Шрифт:
Интервал:
Закладка:
— А преступления, в которых меня обвиняют? Ведь мне за них дадут немало. Думаю, что не меньше десяти лет, — говорил я им.
— Всем дадут. От концентрашки никто не избавится, — вздыхали они…
Свои показания я закончил так:
"Чистосердечно сознаюсь в совершенных мною преступлениях и повторяю, что мои мать, жена и брат, а так же мои друзья и знакомые, за исключением членов нашей организации, ничего о ней не знали".

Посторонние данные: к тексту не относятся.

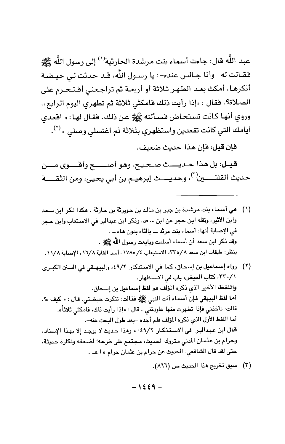 عبد الله قال: جاءت أسماء بنت مرشدة الحارثية إلى رسول الله صَلَّى اللَّهُ عَلَيْهِ وَسَلَّمَ فقالت له - وأنا جالس عنده - يا رسول الله، قد حدثت لي حيضة أنكرها، أمكث بعد الطهر ثلاثة أو أربعة ثم تراجعني أفتحرم على الصلاة؟. فقال: «إذا رأيت ذلك فامكثي ثلاثة ثم تطهري اليوم الرابع».

Заставить меня "завербовать" кого-либо Островерхову не удалось. Впрочем, он не особенно настаивал на этом, торопясь поскорее закончить следствие по "делу" нашего "вредительски-шпионского центра".
Писать "Идиота" я кончил на третий день поздно Вечером. Всего в нем было 42 листа, написанных довольно несвязно и коряво. Островерхов взял их и долго читал, подчеркивая некоторые места красным карандашом. Я молча ждал. Улыбка на его лице, появившаяся в начале чтения, становилась все шире и слаще. Лысина, такая, сытая и самодовольная, поблескивала мелкой росою пота.
Дочитав до конца, он поднял на меня свои глаза-сливы. Они были очень ласковы и вполне гармонировали с его последующими словами:
— Вы молодец, мой милый! С работой справились прекрасно. Ваши показания так же интересны, как приключенческий рассказ.
— Что теперь меня ожидает? — спросил я, ничуть не обрадованный его комплиментом.
Следователь на секунду задумался и улыбка медленно поползла с его физиономии.
— А как вы думаете? — вопросом на вопрос ответил он.
— В начале следствия вы обещали, за мои признания, короткий срок заключения в концлагерях.
— Мало ли что обещает следователь, добиваясь показаний от обвиняемого. Не каждому следовательскому слову верьте.
— Значит, меня осудят на большой срок?
— Совсем нет! Суда не будет, — процедил, он сквозь зубы. — Ваши показания нужны для того, чтобы приговор утвердила Москва. А приговор по вашему делу готов давным-давно. Уж вы простите меня, я был так занят, что забыл вам его показать.
— Какой приговор? Ведь суда не было. Вы не шутите? — спросил я с упавшим сердцем, убеждаясь, что эти надежды на опровержение показаний рушатся, что О-ва оказались бесполезными.
По распоряжению наркома Ежова, начальникам управлений и отделов НКВД предоставлено право выносить приговора по некоторым делам. Вот вы и осуждены приказом начальника нашего управления, товарища Булаха, — снова любезно и сладко улыбаясь, объяснил мне следователь.
— На сколько лет? — растерянно спросил я.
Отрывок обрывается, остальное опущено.